Why were influencers and celebrities a key part of Kroma’s strategy?

All of my effort was in building those relationships with influencers, our investor community, celebrities, press, etc. Again, very non-traditional. I think where the mistake is, especially in today’s world, is these companies are becoming dependent. They come out of the gate dependent on paid media. So when the paid media [return on advertising spend] went [down], their whole strategy imploded. I never wanted to build a company dependent on that. Our success was grassroots, guerilla marketing — people telling people. That’s the most powerful type of marketing, but it’s also the hardest to do.

So with your current learnings, what’s next?

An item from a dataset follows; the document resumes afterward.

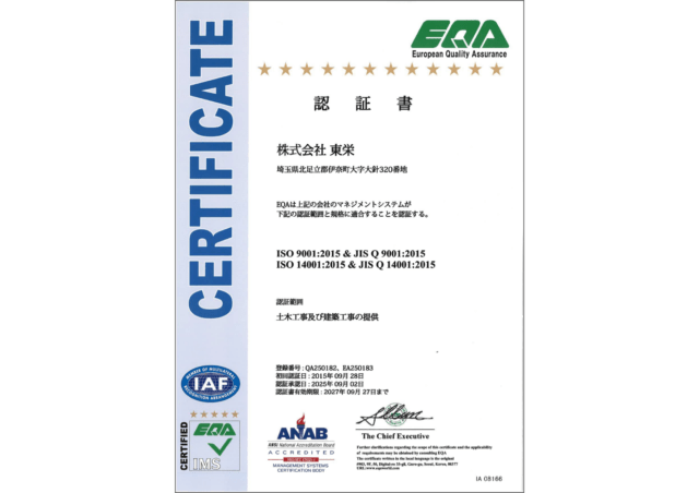 平成27年、国際品質管理システム規格「ISO9001」、国際環境管理システム規格「ISO14001」を取得。

Now, I’ve got enough data to know what our ROAS is. Now, I’m ready to spend more. Let’s go get really good content. We run a very tight ship. It’s incredibly mindful about spend and we analyze everything. We look at every single expense and what the [return on investment] is. That’s why we’ve been baby stepping. We’re gonna be investing in building that influencer and ambassador channel. That will involve spending money on influencers, something that we haven’t had to do. [We’ll be] putting more money and investing significantly more in paid media because I have the data to know that it works. — Kimeko McCoy

By the numbers

Sustainability is becoming a bigger topic of conversation around marketing and brand purpose. While a number of agencies have lauded sustainability efforts as an advantage in the talent war or ramped up eco-friendly efforts for office returns, consumers expect brands to lead the way, according to new research from Morning Consult intelligence company. Find more key details from the study below:

  • 8 in 10 consumers say major technology companies bear the responsibility to drive innovation in environmental sustainability practices.
  •  7 in 10 consumers have never thought about the sustainability of a production while watching a movie or TV show.
  • 23% of consumers who responded to the survey think their everyday shopping behaviors have a major environmental impact. — Kimeko McCoy

Quote of the week

“If you have a big open space or people are fighting for small conference rooms to get in, it’s kind of the worst of both worlds.”

— An agency HR director on the difficulties of returning to the office, using co-working spaces for the latest edition of our Confessions series.